WASHINGTON: Shortly after returning to Earth from a nearly eight-month mission aboard the International Space Station on Friday, a Nasa astronaut was flown to a hospital with an unidentified medical issue.
Three other crew members, two Nasa astronauts and a Russian cosmonaut, had splashed down off the coast of Florida aboard SpaceX’s Crew Dragon capsule. Nasa did not name the astronaut for privacy reasons.
In the beginning, Nasa stated that the entire crew was transported to the medical center for additional evaluation out of an abundance of caution. However, the company did not specify whether all or a portion of the crew was experiencing problems.
Later, Nasa said that one of its astronauts had a medical problem and that the crew had been flown to a hospital in Pensacola, Florida, near where the spacecraft was about to splash down.
The space agency reported that the remaining three crew members have since left the hospital and returned to Houston.
In a statement, Nasa referred to the Ascension Sacred Heart Pensacola hospital, saying, “The one astronaut who remains at Ascension is in stable condition under observation as a precautionary measure.” The nature of the astronaut’s condition, according to the agency, will not be disclosed.
“Out of an abundance of caution, all crew members were flown to the facility together” for the additional evaluations, despite the crew’s standard medical examinations upon exiting the craft, Nasa stated.
Nasa, which is usually quiet about medical issues involving astronauts, declined to explain the crew’s condition or explain the excessive caution. A request for information regarding Grebenkin’s condition was not immediately responded to by the Russian space agency.
SpaceX keeps an armada of reusable shuttle and has traveled to the ISS multiple times. The only US option for Nasa astronaut trips to and from the ISS is the company owned by Elon Musk. Years of development issues have hampered Boeing’s Starliner, which was intended to serve as a second US flight.
The Crew-8 astronauts spent 235 days on the International Space Station (ISS), a science lab the size of a football field and 402 kilometers above Earth. This was more time than the typical six-month mission for an astronaut on the ISS. Additionally, it was SpaceX’s Crew Dragon’s longest mission to date, having launched in 2020.

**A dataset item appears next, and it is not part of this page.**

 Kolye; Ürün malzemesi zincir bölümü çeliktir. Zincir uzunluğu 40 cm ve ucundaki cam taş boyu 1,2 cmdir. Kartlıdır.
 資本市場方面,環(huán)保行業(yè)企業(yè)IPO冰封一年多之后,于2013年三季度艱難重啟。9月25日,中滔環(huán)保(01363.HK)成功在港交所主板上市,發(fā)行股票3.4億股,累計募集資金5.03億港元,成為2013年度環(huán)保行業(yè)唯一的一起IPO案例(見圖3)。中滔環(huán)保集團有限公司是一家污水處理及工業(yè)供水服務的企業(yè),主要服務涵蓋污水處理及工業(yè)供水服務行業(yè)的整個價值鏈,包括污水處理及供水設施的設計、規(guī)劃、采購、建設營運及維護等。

Due to two hurricanes that passed through the southeast of the United States near Crew Dragon’s anticipated splashdown zones, the crew’s return had been delayed for weeks. However, the Crew Dragon spacecraft successfully undocked from the ISS on Wednesday afternoon and reentered the atmosphere of Earth early on Friday morning, deploying its parachutes before crashing into the Gulf of Mexico.
A Nasa official said that “the crew is doing great” at a news briefing after the splashdown. He didn’t say anything about problems with the astronauts, but he did say that Crew Dragon’s parachute deployment had two problems.
According to Richard Jones, deputy manager of Nasa’s Commercial Crew Program, Crew Dragon’s initial set of braking parachutes experienced some “debris strikes,” and one of the four parachutes in a subsequent set took longer to unfold than anticipated.